• **WHAT YOU NEED TO DO**: Word for word, return the lines below from the first through the line that has "AWC - Taking", dropping the pictures.

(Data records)
----
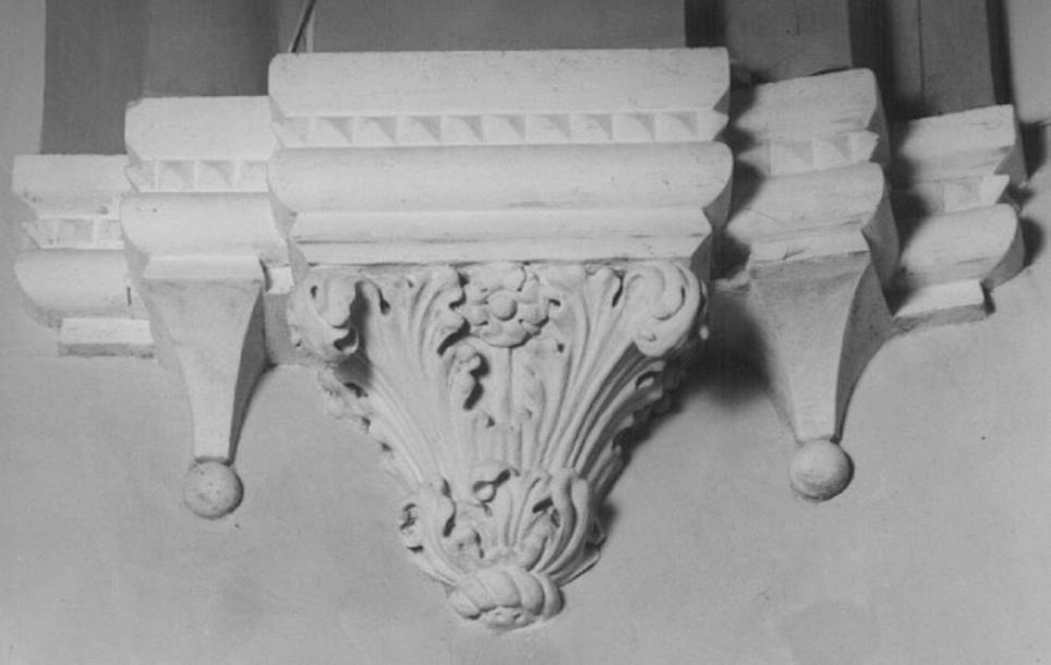 Capitello con foglie d'acanto, affiancato da due elementi simili a pe- ducci
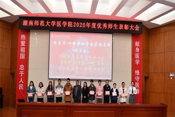 3月18日下午,“榜样的力量”英国365集团医学院2020年度优秀师生表彰大会举行。各奖教金、奖(助)学金捐设企业或个人代表、部分地方校友会和校友企业代表、以及我校相关领导出席。我校相关部门负责人、获奖受助师生近300人参加了颁奖大会。会议由我院党委书记鄢朝晖主持。
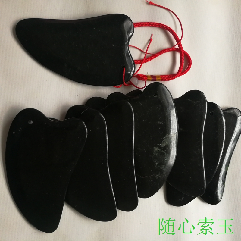 Dark green jade gua sha board facial massager meridian universal to the whole body
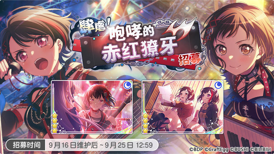 9月16日维护后,游戏内将开启「刻入天穹傲岸的烈光」任务演出活动和「肆虐!咆哮的赤红獠牙招募」,并追加原创歌曲《IGNITE GLOW》!此外,游戏内将在维护后追加由MyGO!!!!!演唱的歌曲《迷路日々》及该曲MV♪欢迎大家登录游戏查看~
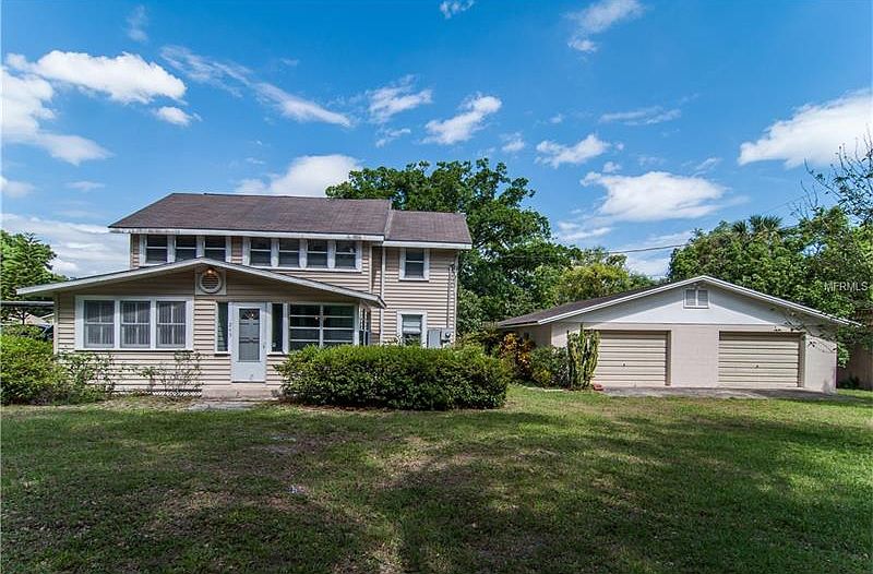 AWC - Taking Backup Offers Quaint Florida Style home, 3 bedroom 2 bath with hard wood floors in all bedrooms located on the second floor. Six lots equaling .53 Acre, is zoned for Professional Suites. The 1,100+ Sq. Ft. solid block garage detached has a full bath and separate service for utilities. Great place for rental income for a small business or warehouse space. Close to Lake Mary Arts Center, 4th Street, shops, bars and restaurants.
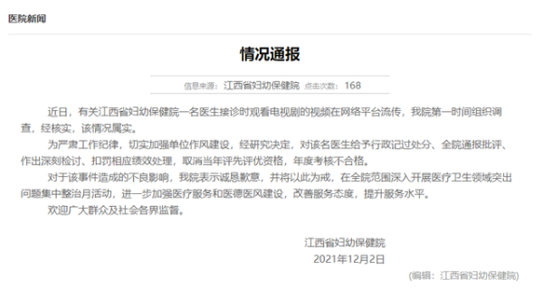 江西省妇幼保健院2日在官方发布情况通报称,近日,有关江西省妇幼保健院一名医生接诊时观看电视剧的视频在网络平台流传,我院第一时间组织调查,经核实,该情况属实。
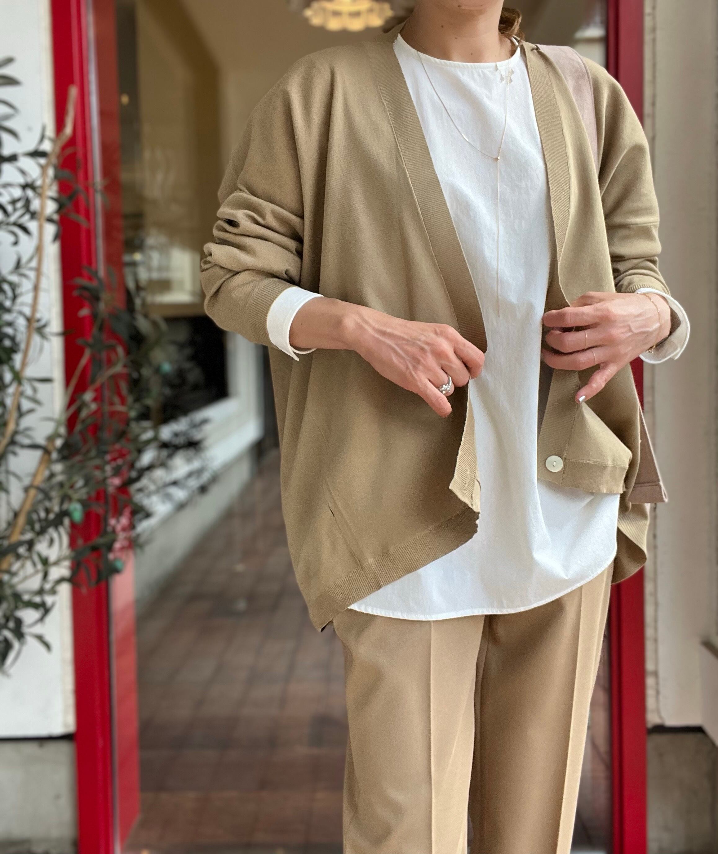 後ろ着丈長めでラフに着れるサイズ感ながら、きれいめ見えするカーディガン
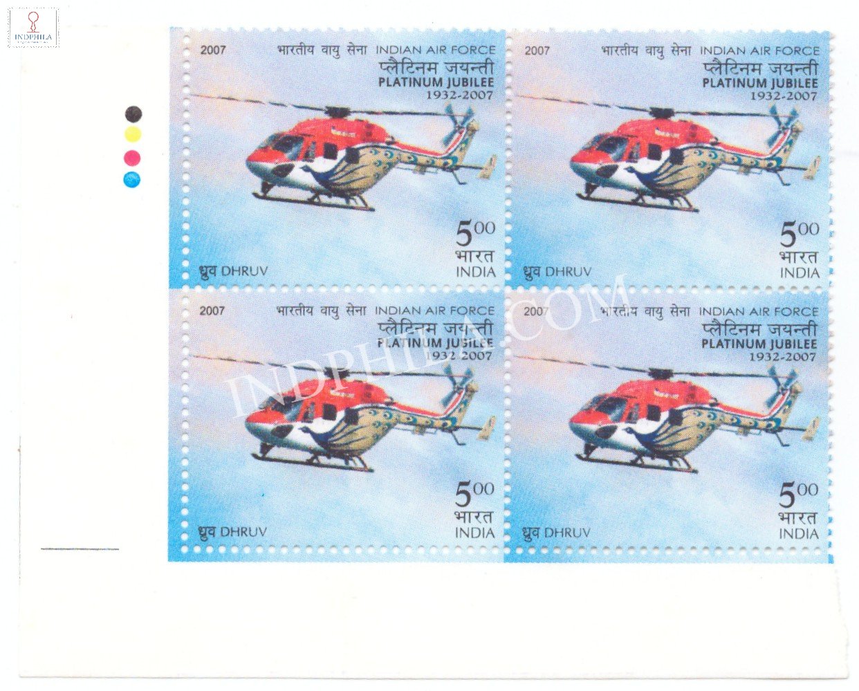 India 2007 Indian Air Force Platinum Jubilee Duruv MNH BLOCK OF 4 TRAFFIC LIGHT Stamps Issued By India Post
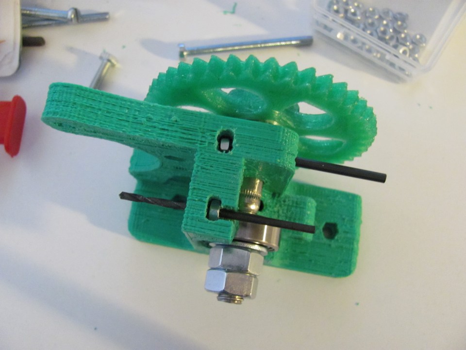 Fitting the M3 nuts into the top of the extruder.
----
• **RESPONSE TO THE TASK**:
 Capitello con foglie d'acanto, affiancato da due elementi simili a pe- ducci
 3月18日下午,“榜样的力量”英国365集团医学院2020年度优秀师生表彰大会举行。各奖教金、奖(助)学金捐设企业或个人代表、部分地方校友会和校友企业代表、以及我校相关领导出席。我校相关部门负责人、获奖受助师生近300人参加了颁奖大会。会议由我院党委书记鄢朝晖主持。
 Dark green jade gua sha board facial massager meridian universal to the whole body
 9月16日维护后,游戏内将开启「刻入天穹傲岸的烈光」任务演出活动和「肆虐!咆哮的赤红獠牙招募」,并追加原创歌曲《IGNITE GLOW》!此外,游戏内将在维护后追加由MyGO!!!!!演唱的歌曲《迷路日々》及该曲MV♪欢迎大家登录游戏查看~
 AWC - Taking Backup Offers Quaint Florida Style home, 3 bedroom 2 bath with hard wood floors in all bedrooms located on the second floor. Six lots equaling .53 Acre, is zoned for Professional Suites. The 1,100+ Sq. Ft. solid block garage detached has a full bath and separate service for utilities. Great place for rental income for a small business or warehouse space. Close to Lake Mary Arts Center, 4th Street, shops, bars and restaurants.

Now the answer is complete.